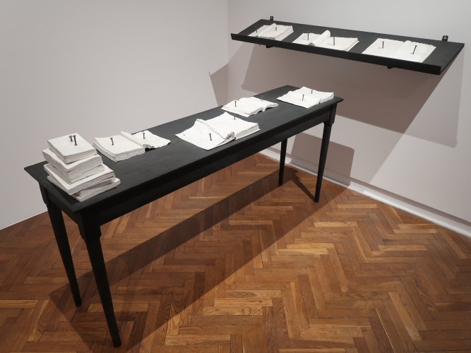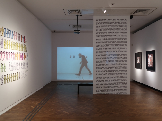 Nie wiem tylko, czy film Igora Krenza „Rzeczy” z lat 2003–2007 słusznie został pokazany na początku wystawy, tuż obok diagramu z zespołem Muzeum Sztuki. Takie umiejscowienie wpływa na odczytanie całości ekspozycji, a sugeruje… brak skuteczności. Na sfilmowanej ścianie wiszą małe obrazki, które wciąż spadają. Artysta je podnosi i ponownie wiesza, a one znów spadają. Niekończąca się, syzyfowa praca bez sensu i spełnienia. Czyli zaprzeczenie funkcjonowania muzealnego zespołu, a zarazem idei wystawy, która właśnie ma podkreślić sprawczość owej ludzkiej maszyny. Opis przy pracy Krenza sugeruje, że to ilustracja dbania o porządek w muzeum, ale być może można ją czytać także jako metaforę niekończącego się trudu opanowywania materii wystaw, albo jako mrugnięcie do widza: tak nie działamy.
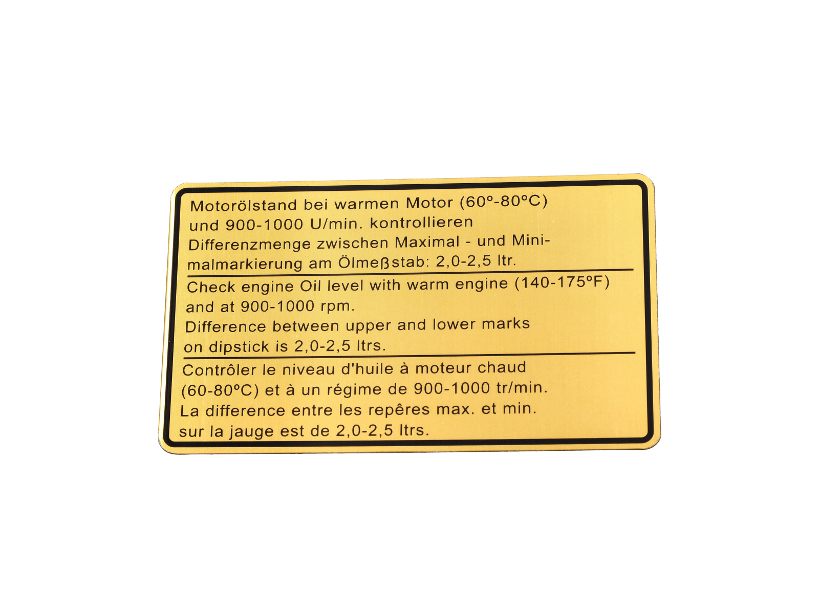 Het label is op de dwarsbalk van de motor (of een geschikte plek in de motorruimte) aangebracht om het juiste oliepeil aan te geven. Het zorgt voor goed onderhoud en een snelle visuele controle van het oliepeil.
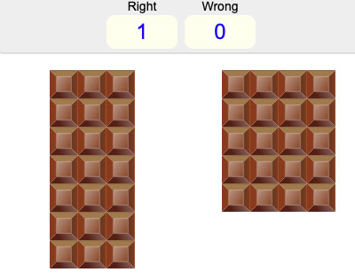 Het vraagt een (snelle) inschatting welk chocoloadeblok het grootst is. Het is een vorm van schatten in combinatie met handige tel- en vermenigvuldigstrategieën
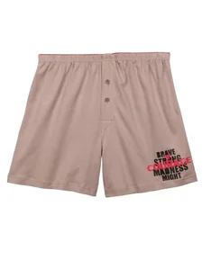 Komfortowe bokserki z kontrastową gumą wewnętrzną i nadrukiem na nogawce. Materiał: 100% bawełna.
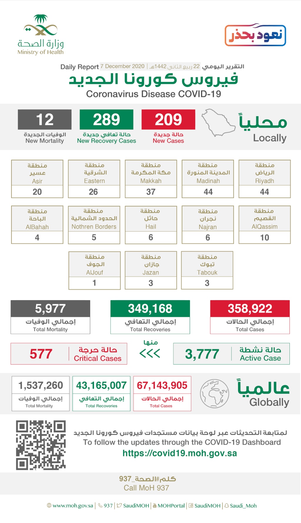 أعلنت وزارة الصحة اليوم ”الإثنين“ تسجيل 209 إصابة جديدة بفايروس كورونا المستجد المسبب لمرض ”كوفيد 19“. منها ”2“ في القطيف ليرتفع إجمالي الإصابات في المملكة إلى 358,922 حالة مؤكدة
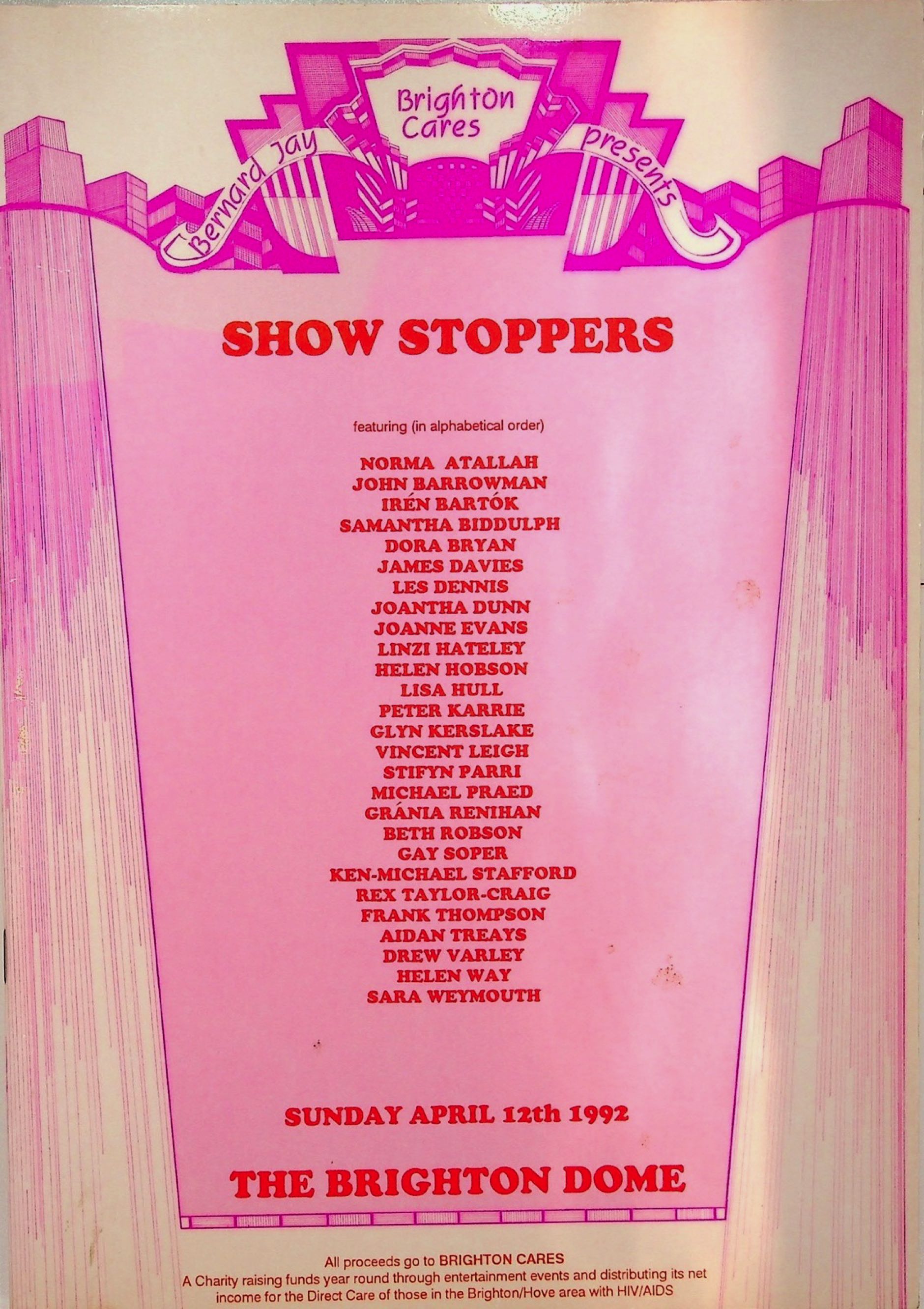 - Brighton Cares presents Show Stoppers, 12 April 1992
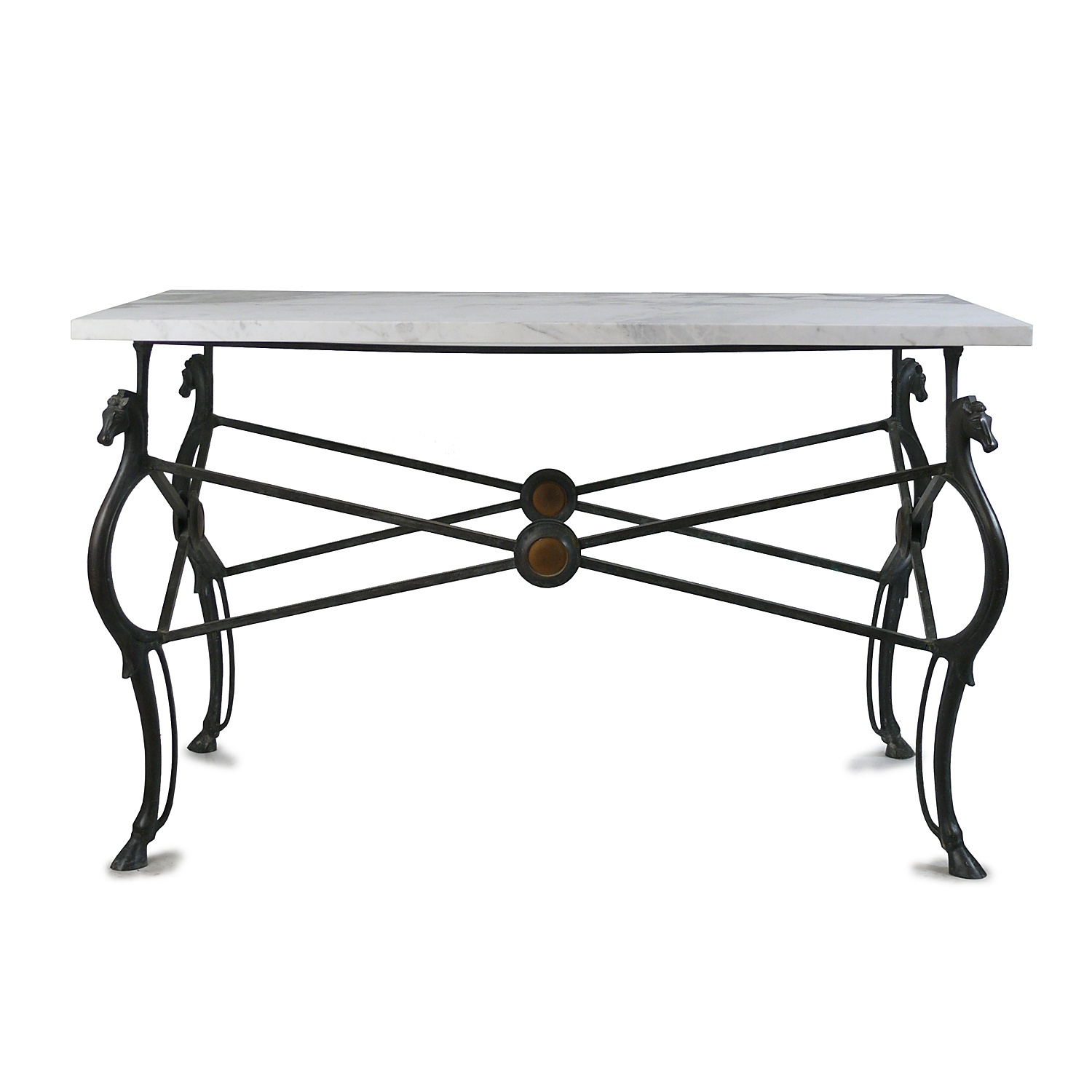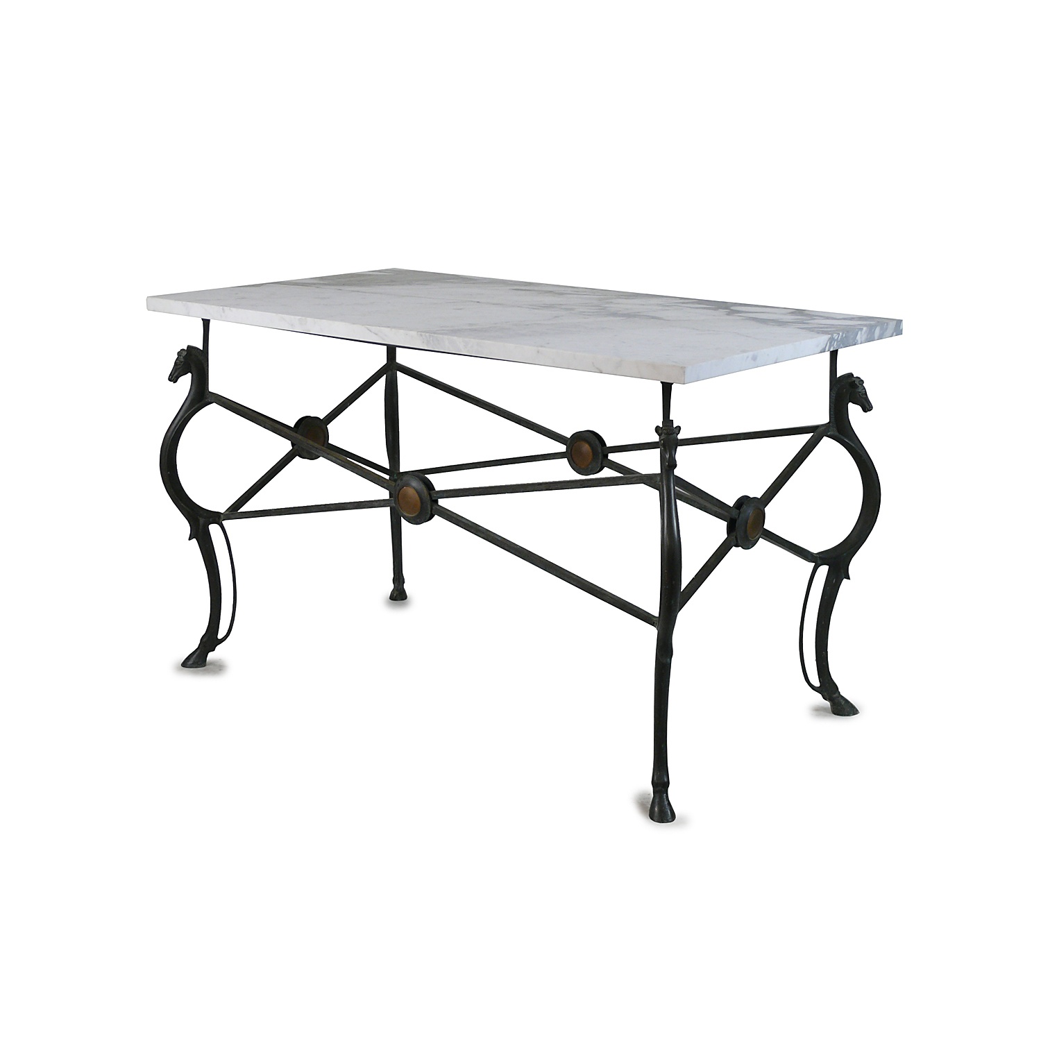 ROMAN POMPEII STYLE CENTRE TABLE BRONZE X FRAME WITH HORSE CORNERS AND A WHITE CARRARA MARBLE TOP 81 CM HIGH 135 CM LONG 75 CM WIDE

------------------------------------------------------------------------

• EXERCISE AIM: Only the lines from the beginning of the listing through the line with "- Brighton Cares", both ends included, are to be repeated exactly; pictures stay out.

• EXERCISE ANSWER:
 Nie wiem tylko, czy film Igora Krenza „Rzeczy” z lat 2003–2007 słusznie został pokazany na początku wystawy, tuż obok diagramu z zespołem Muzeum Sztuki. Takie umiejscowienie wpływa na odczytanie całości ekspozycji, a sugeruje… brak skuteczności. Na sfilmowanej ścianie wiszą małe obrazki, które wciąż spadają. Artysta je podnosi i ponownie wiesza, a one znów spadają. Niekończąca się, syzyfowa praca bez sensu i spełnienia. Czyli zaprzeczenie funkcjonowania muzealnego zespołu, a zarazem idei wystawy, która właśnie ma podkreślić sprawczość owej ludzkiej maszyny. Opis przy pracy Krenza sugeruje, że to ilustracja dbania o porządek w muzeum, ale być może można ją czytać także jako metaforę niekończącego się trudu opanowywania materii wystaw, albo jako mrugnięcie do widza: tak nie działamy.
 Het label is op de dwarsbalk van de motor (of een geschikte plek in de motorruimte) aangebracht om het juiste oliepeil aan te geven. Het zorgt voor goed onderhoud en een snelle visuele controle van het oliepeil.
 Het vraagt een (snelle) inschatting welk chocoloadeblok het grootst is. Het is een vorm van schatten in combinatie met handige tel- en vermenigvuldigstrategieën
 Komfortowe bokserki z kontrastową gumą wewnętrzną i nadrukiem na nogawce. Materiał: 100% bawełna.
 أعلنت وزارة الصحة اليوم ”الإثنين“ تسجيل 209 إصابة جديدة بفايروس كورونا المستجد المسبب لمرض ”كوفيد 19“. منها ”2“ في القطيف ليرتفع إجمالي الإصابات في المملكة إلى 358,922 حالة مؤكدة
 - Brighton Cares presents Show Stoppers, 12 April 1992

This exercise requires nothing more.